■ **What needs to be done**:
Leave out the pictures and print precisely the lines from the line with "For example, if" to the final line of the entries, both ends included.

[Recorded data]
━━━━━━━━━━
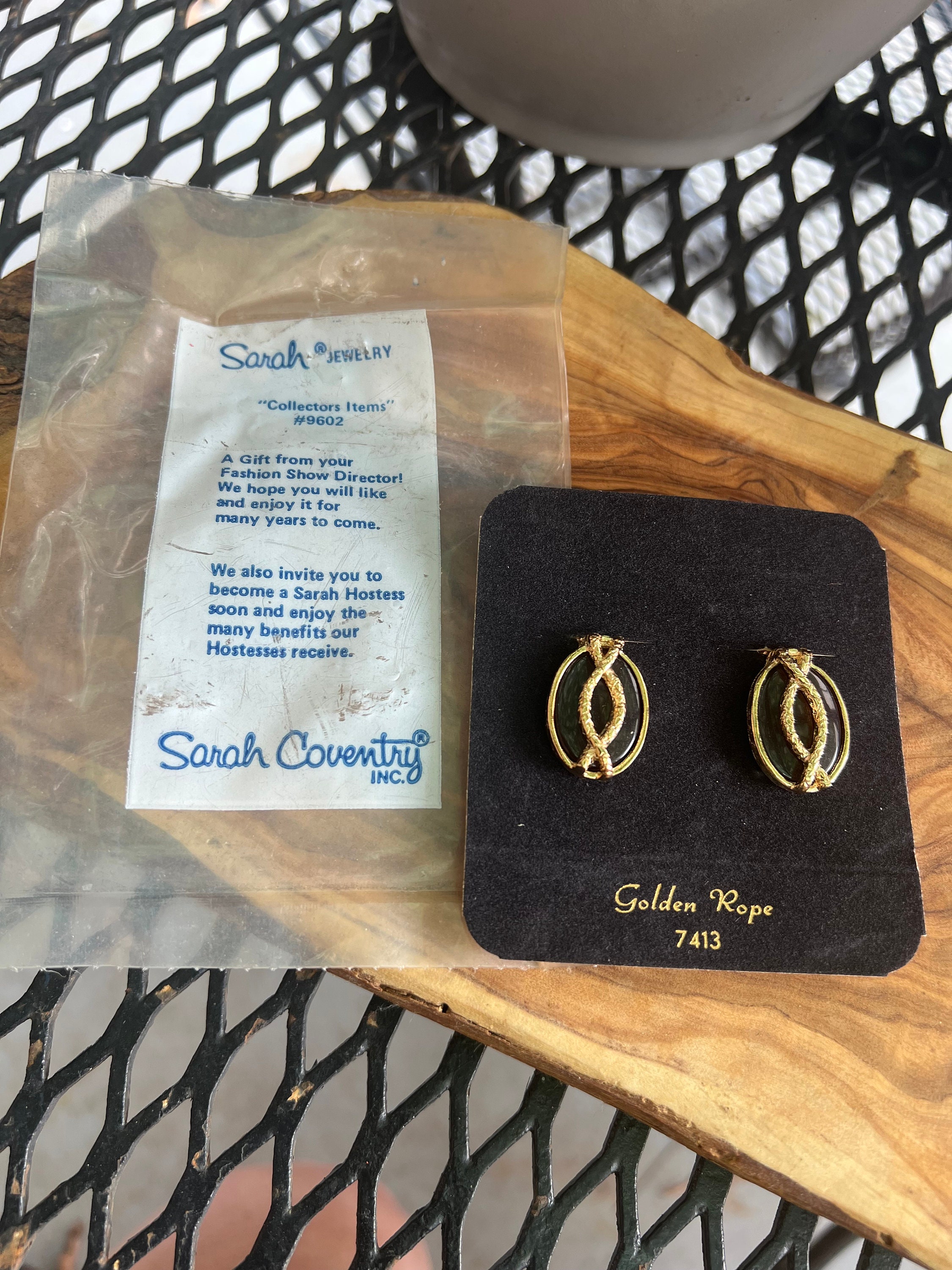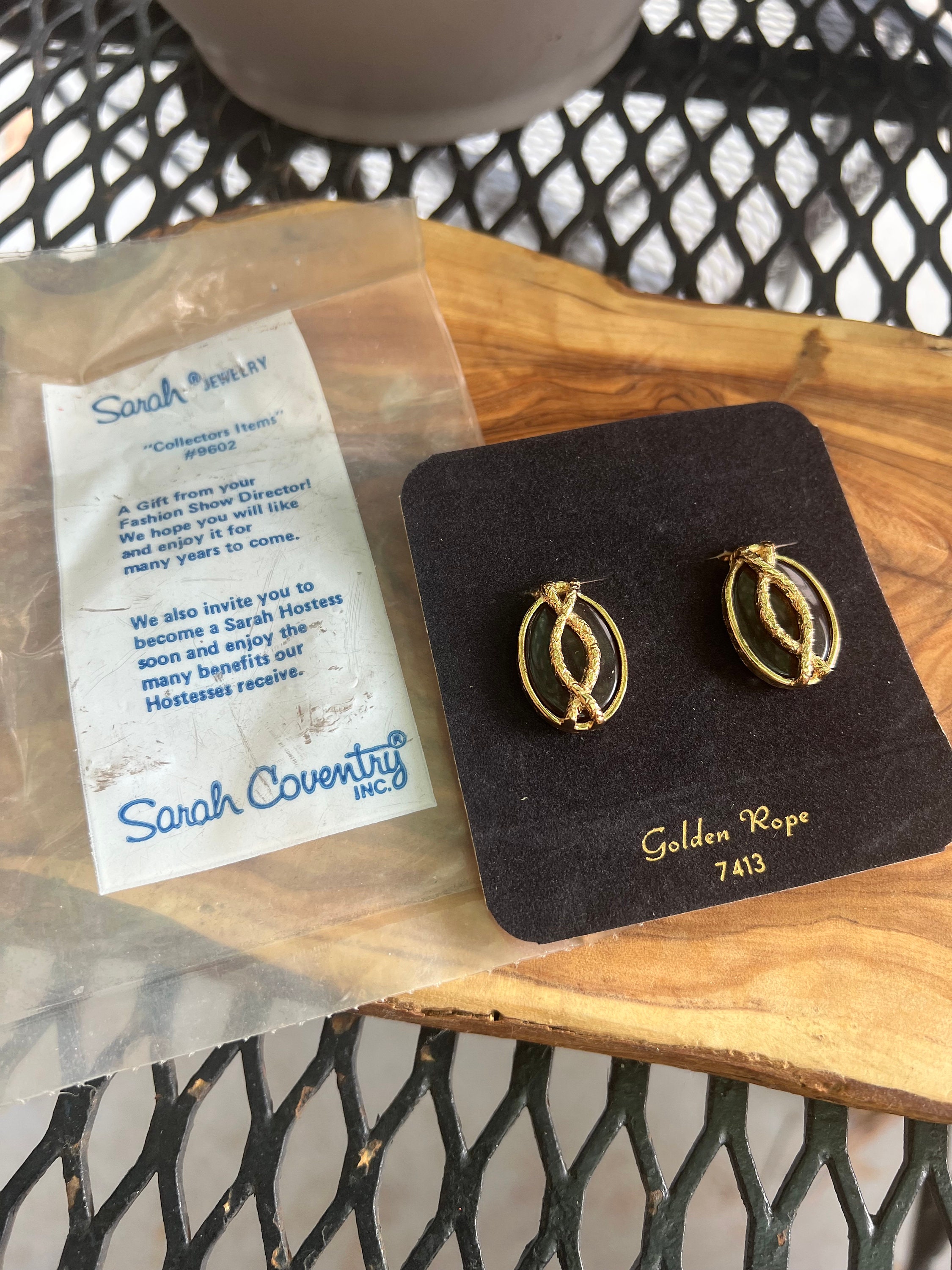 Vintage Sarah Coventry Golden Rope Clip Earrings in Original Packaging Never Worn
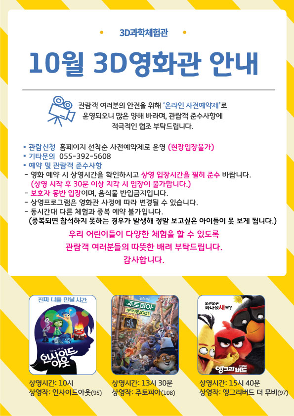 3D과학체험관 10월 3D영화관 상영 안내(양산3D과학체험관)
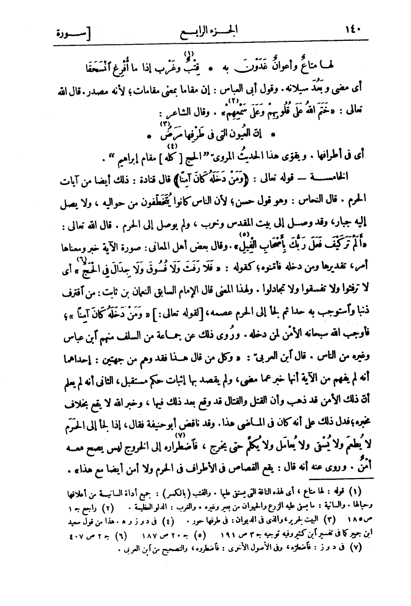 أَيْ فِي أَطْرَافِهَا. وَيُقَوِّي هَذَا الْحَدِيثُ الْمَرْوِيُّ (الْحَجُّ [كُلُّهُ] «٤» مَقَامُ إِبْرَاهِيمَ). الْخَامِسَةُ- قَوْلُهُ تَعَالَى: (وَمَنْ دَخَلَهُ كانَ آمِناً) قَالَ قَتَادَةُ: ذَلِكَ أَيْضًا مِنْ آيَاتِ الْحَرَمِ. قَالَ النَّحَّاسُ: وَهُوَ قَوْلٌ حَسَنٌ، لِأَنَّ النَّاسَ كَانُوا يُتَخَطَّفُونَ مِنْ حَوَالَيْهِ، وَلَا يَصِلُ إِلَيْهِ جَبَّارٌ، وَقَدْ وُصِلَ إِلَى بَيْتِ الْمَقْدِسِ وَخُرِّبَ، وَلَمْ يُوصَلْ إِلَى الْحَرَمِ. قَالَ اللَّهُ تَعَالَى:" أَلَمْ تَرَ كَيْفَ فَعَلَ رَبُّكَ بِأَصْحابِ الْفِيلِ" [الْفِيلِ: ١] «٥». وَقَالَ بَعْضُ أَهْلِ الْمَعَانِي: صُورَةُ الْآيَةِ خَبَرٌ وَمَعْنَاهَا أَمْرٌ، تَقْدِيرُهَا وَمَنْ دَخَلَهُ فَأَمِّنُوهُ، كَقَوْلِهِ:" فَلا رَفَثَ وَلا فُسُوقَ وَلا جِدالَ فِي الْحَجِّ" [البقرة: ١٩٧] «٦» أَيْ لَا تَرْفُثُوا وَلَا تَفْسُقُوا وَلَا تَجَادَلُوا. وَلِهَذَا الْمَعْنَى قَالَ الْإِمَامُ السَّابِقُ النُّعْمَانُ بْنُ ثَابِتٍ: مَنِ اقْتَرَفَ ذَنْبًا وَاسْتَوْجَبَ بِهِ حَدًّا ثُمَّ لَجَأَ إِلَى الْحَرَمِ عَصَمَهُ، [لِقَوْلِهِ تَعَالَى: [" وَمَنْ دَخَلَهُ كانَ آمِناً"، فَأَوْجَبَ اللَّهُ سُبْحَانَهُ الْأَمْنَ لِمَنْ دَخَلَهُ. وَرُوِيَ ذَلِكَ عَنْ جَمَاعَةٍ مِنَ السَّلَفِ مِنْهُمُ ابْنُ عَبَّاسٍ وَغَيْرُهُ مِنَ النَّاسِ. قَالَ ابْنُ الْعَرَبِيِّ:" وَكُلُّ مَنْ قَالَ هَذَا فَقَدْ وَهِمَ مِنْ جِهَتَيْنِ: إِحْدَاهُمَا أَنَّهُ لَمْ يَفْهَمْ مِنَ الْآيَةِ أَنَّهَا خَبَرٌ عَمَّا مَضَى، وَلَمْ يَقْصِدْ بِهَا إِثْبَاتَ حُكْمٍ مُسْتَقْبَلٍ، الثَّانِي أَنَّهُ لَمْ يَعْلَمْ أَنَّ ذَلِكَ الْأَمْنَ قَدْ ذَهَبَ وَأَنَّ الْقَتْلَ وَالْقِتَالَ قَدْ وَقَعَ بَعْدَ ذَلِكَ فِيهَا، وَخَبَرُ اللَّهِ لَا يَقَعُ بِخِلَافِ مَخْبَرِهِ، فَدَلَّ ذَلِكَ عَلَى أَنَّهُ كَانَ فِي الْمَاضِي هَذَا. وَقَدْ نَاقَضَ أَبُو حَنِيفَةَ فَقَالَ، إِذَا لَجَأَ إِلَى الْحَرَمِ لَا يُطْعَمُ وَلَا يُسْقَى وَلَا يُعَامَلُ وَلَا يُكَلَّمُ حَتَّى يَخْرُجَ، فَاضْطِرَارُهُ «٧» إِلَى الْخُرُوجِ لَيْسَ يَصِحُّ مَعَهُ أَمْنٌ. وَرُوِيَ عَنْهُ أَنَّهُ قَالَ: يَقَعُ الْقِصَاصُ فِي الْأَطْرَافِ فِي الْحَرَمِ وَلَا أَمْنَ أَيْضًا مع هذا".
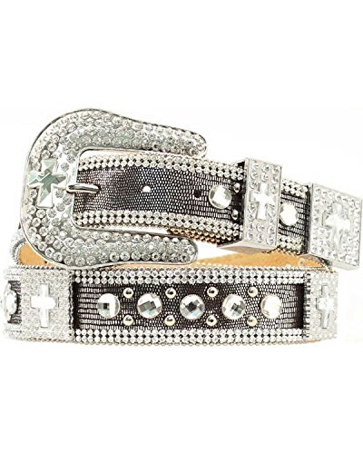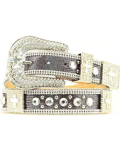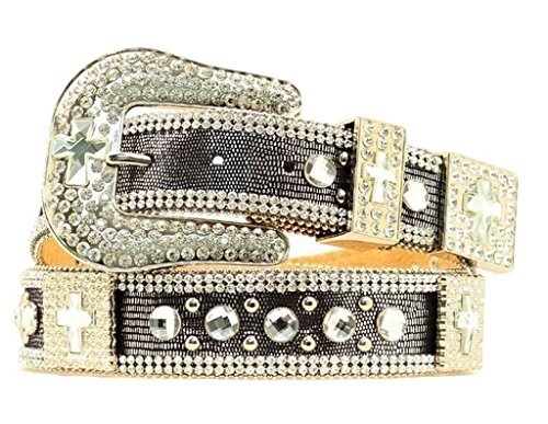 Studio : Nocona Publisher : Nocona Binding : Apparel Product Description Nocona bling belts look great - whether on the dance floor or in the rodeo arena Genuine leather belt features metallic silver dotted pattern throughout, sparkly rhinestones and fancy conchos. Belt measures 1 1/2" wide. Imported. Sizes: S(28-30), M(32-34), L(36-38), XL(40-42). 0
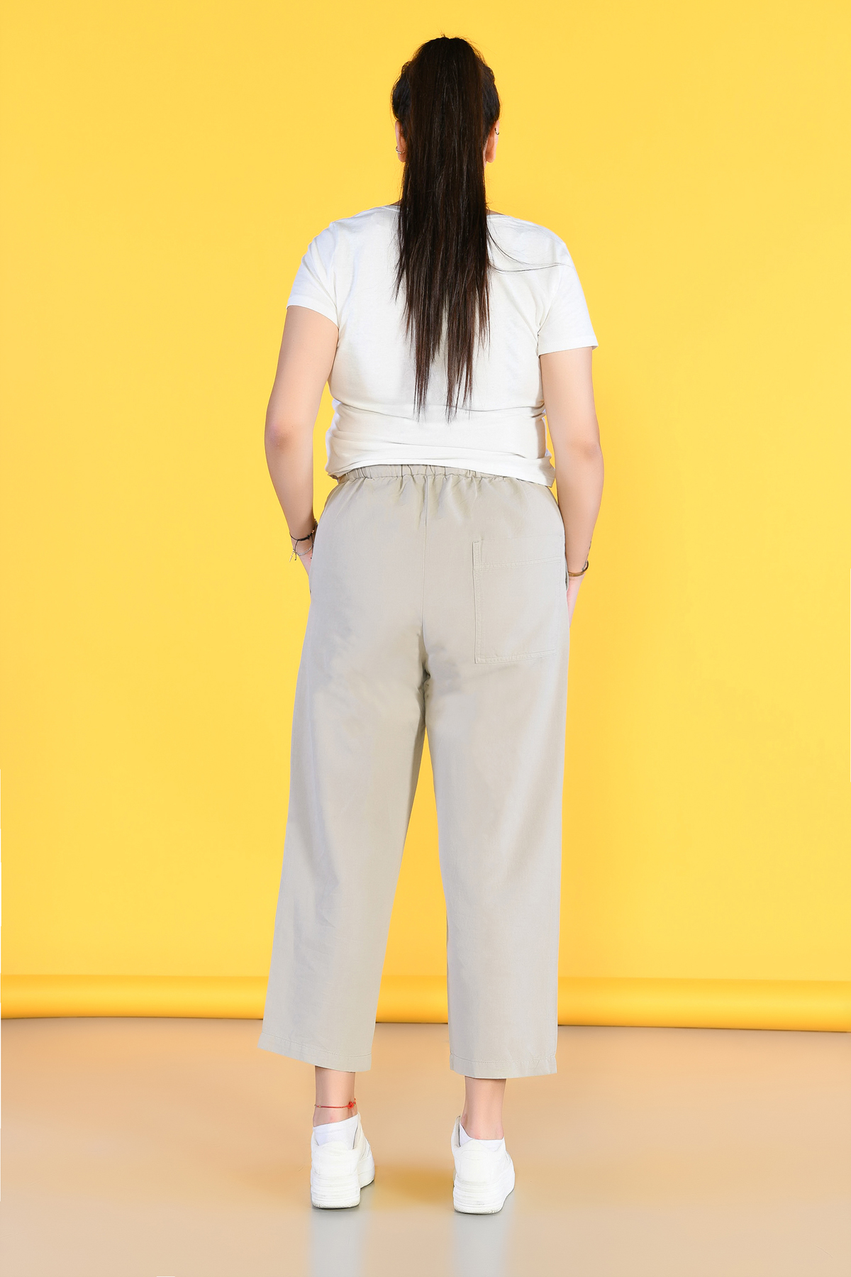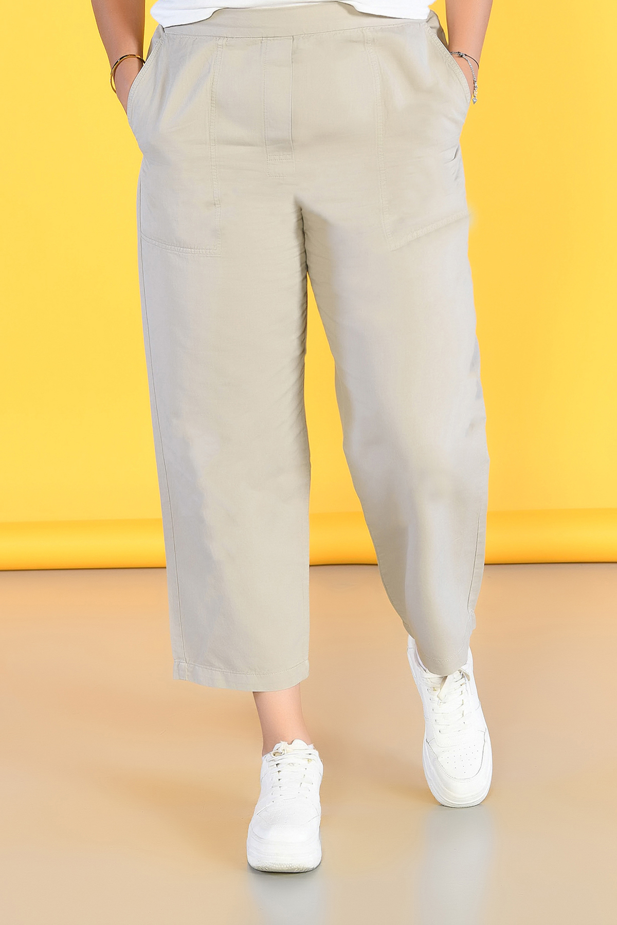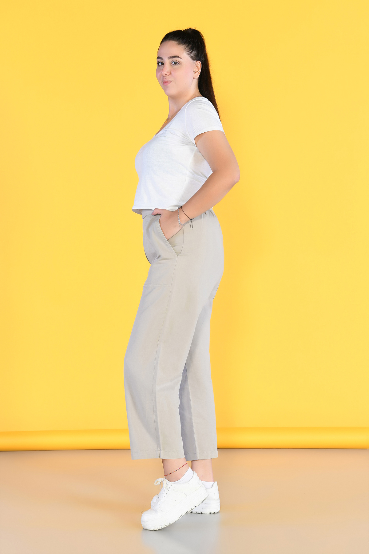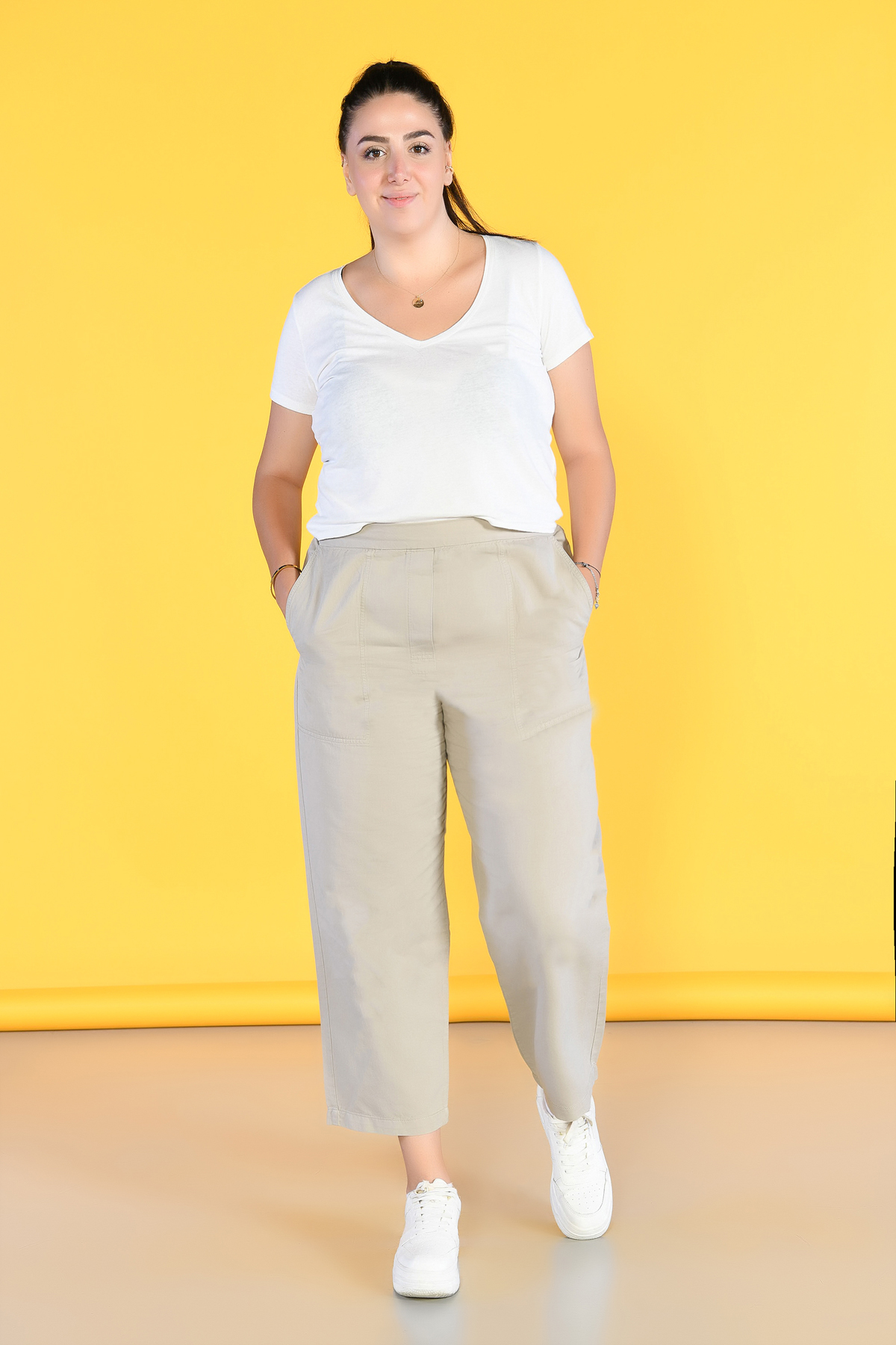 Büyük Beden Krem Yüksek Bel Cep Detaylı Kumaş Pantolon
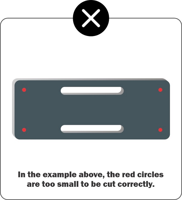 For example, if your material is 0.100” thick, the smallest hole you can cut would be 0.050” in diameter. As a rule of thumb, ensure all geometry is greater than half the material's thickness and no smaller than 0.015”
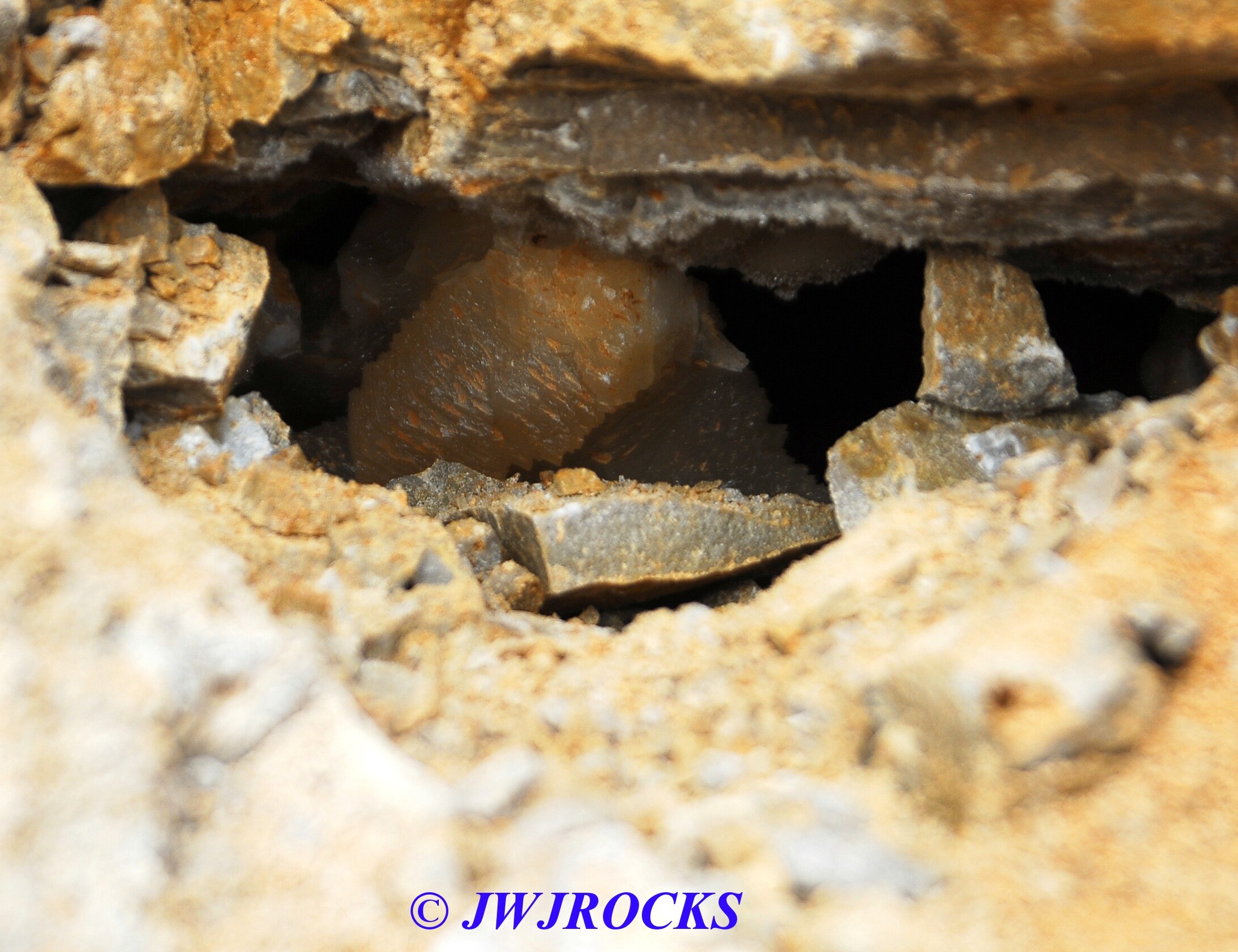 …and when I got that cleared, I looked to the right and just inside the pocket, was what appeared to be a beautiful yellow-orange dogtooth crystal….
━━━━━━━━━━
■ **Expected output**:
 For example, if your material is 0.100” thick, the smallest hole you can cut would be 0.050” in diameter. As a rule of thumb, ensure all geometry is greater than half the material's thickness and no smaller than 0.015”
 …and when I got that cleared, I looked to the right and just inside the pocket, was what appeared to be a beautiful yellow-orange dogtooth crystal….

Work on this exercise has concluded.